Мы чокнулись и пригубили. Было приятно. Я чувствовал, что мысль моя заостряется.
«Погодите, но если она урожденная Романова, а он – Чавчавадзе, да еще и Оглы, то, – дошло до меня, – то какие ж они этруски?»
«Только постольку-поскольку», – глотнул из бокала полковник.
«Поскольку?»
«Поскольку в Европе этрусские корни и паспорта теперь очень в моде. Отсюда и цены на всякое ископаемое барахло: брикабрак, антик. И считаться этрусским дворянством гораздо почетней, чем русским. Вот они и считаются».
«А, значит, свои! – вскричал я обрадованно. – Ну так я им по-свойски и отпишу – по-русски, чтоб не мудрить. Вернусь в обитель – и набросаю».
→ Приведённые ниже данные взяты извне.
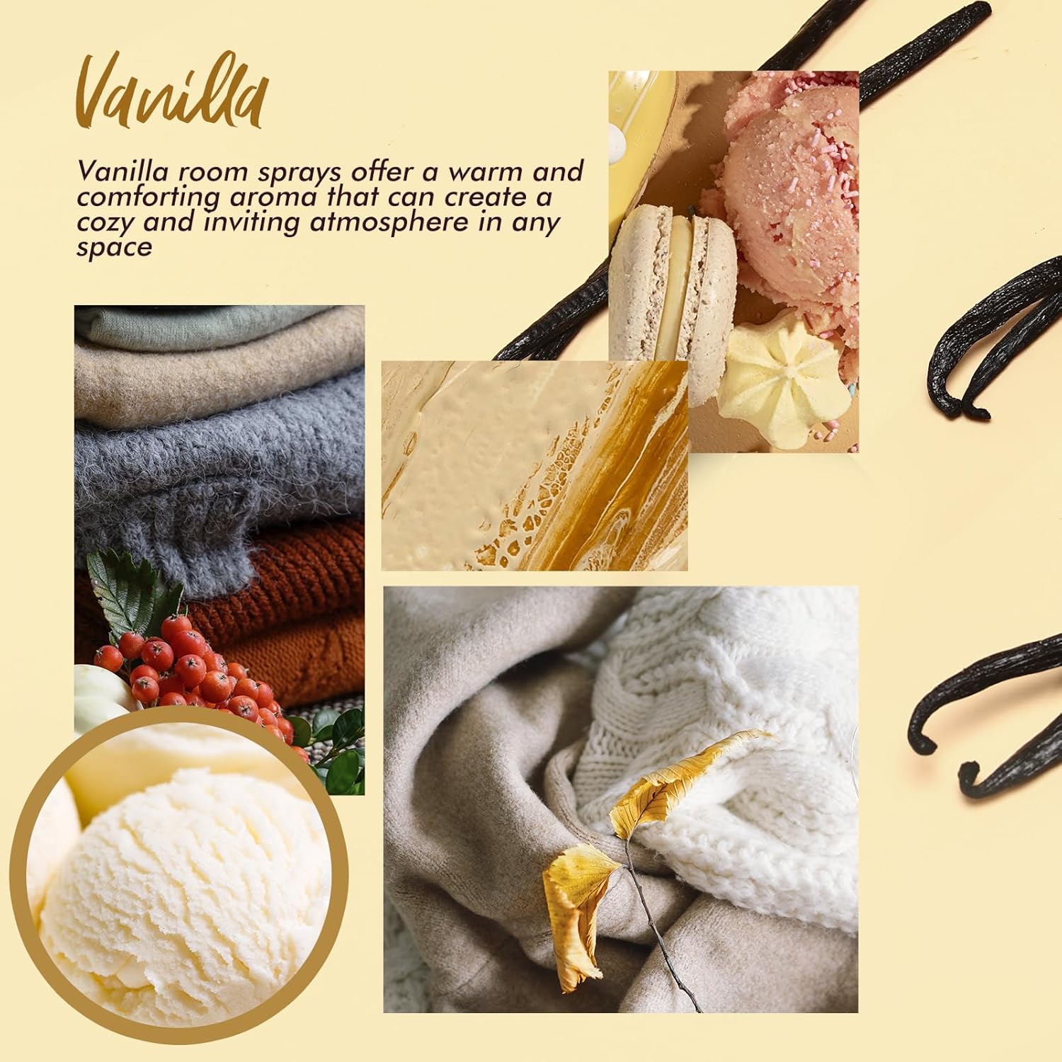 - Vanilla Scent: Warm vanilla fragrance; creates a cozy and inviting atmosphere in any room

«Не торопитесь, – промолвил Юрий. – В узилище набросаете».
«Виноват?»
«В равелине», – синонимизировал часовщик, вздымая со дна моей безмятежности муть беспокойства.
Я посмотрел на полковника исподлобья. Беспечно он предавался банному ничегонеделанию. Глаза офицера спокойно глядели то синими сциллами, то голубыми барвинками, то лиловыми крокусами: в ту пору, попав под влиянье Руссо, я уже приступаю гербаризировать.
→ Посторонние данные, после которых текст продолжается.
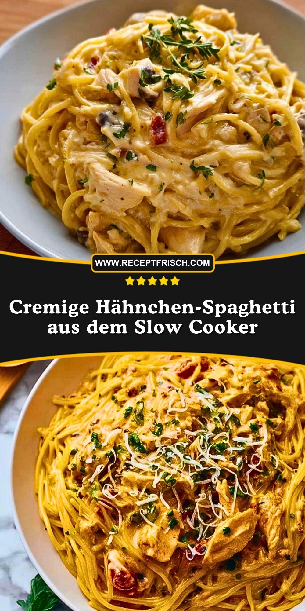 Keywords: Cremige Hähnchen-Spaghetti, Slow Cooker, Käse, Familienrezept

(Переоценить значение этого просветителя в свете его влияния на развитие ботанических чувств – вообще затруднительно. Стоило ему в сердечной связи упомянуть в своей «Исповеди» цветок taraxacum officinale – и публика просто ринулась в окрестные тюильри. Полюбоваться им заспешили клошар и гризетка, матрос и прачка, барышня и шевалье: всем хотелось пустить по ветру летучий галантный пух. Вскоре, прозванный в честь своего певца жан-жаком, одуванчик становится эмблемой ВАМ – Всемирной Ассоциации Мемуаристов. Ежевечно съезжаясь в Женеве, они проходят перед трибунами ипподрома своими сутулыми, благородно лысеющими легионами, украсив петлицы цветком просвещенной искренности. Звучит менуэт.)
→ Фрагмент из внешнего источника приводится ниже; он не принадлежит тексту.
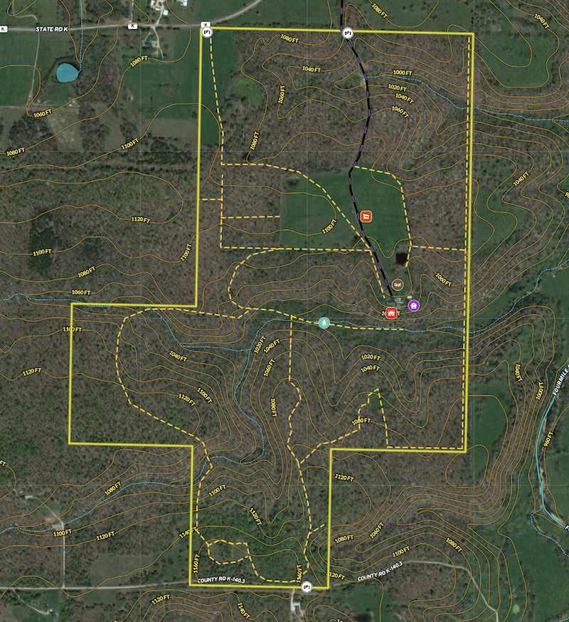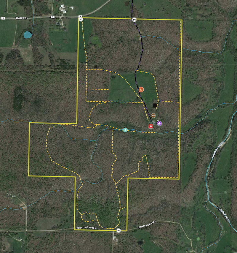 Food plot, Trail network, Tree stand/Blinds, Internal Road Network, Gated entrance, Livestock facilities, Equine facilities

«В каком равелине?» – спросил я Андропова единственно уголками губ.
«Это не архиважно, – ответил полковник. – Думаю, впрочем, что Петропавловский – или как его там, Алексеевский, что ли? – вас навряд ли устроит. Мрачновато там, сыровато, казематы проветриваются нерегулярно, провизия скверная, часто с душком, интендант приворовывает. Короче – не посоветую. То ли дело кремлевская наша тюрьма, что в Архангельском: любо-дорого».
«Помилуйте, Юрий Гладимирович, не мы ли минуту тому толковали касательно замка Мулен де Сен Лу, что как раз в Бельведере. Вы непоследовательны».
«Владеете ль вы оружием?»
«По преимуществу прободающим. Помните некую Долорес Ибаррури? Она занималась со мной испанским, а попутно и фехтованием».
«Ибаррури? Которая жила в Водовзводной башне?»
«Не путайте, в Водовзводной жила Клара Цеткин, преподаватель немецкого, тоже, кстати, большая моя приятельница. А Ибаррури жила в Москворецкой. О, каким только фокусам не обучила меня сеньора Долорес! Ведь в той науке – пропасть всяких позиций, способов, так сказать, прободанья, финтов. Слава богу, испанка была уж не первой свежести, так что чего-чего, а опыта ей было не занимать».
«Вы не поняли, – сухо проговорил Андропов. – Я спрашиваю об оружии огнестрельном».
«Что ж, монтекристо я не чураюсь. Да и на охоте малый не промах: бью влет».
«Похвально. Только на сей раз придется прибегнуть к боевому калибру. Есть мнение, что пора устранить со сцены одно слишком действующее лицо».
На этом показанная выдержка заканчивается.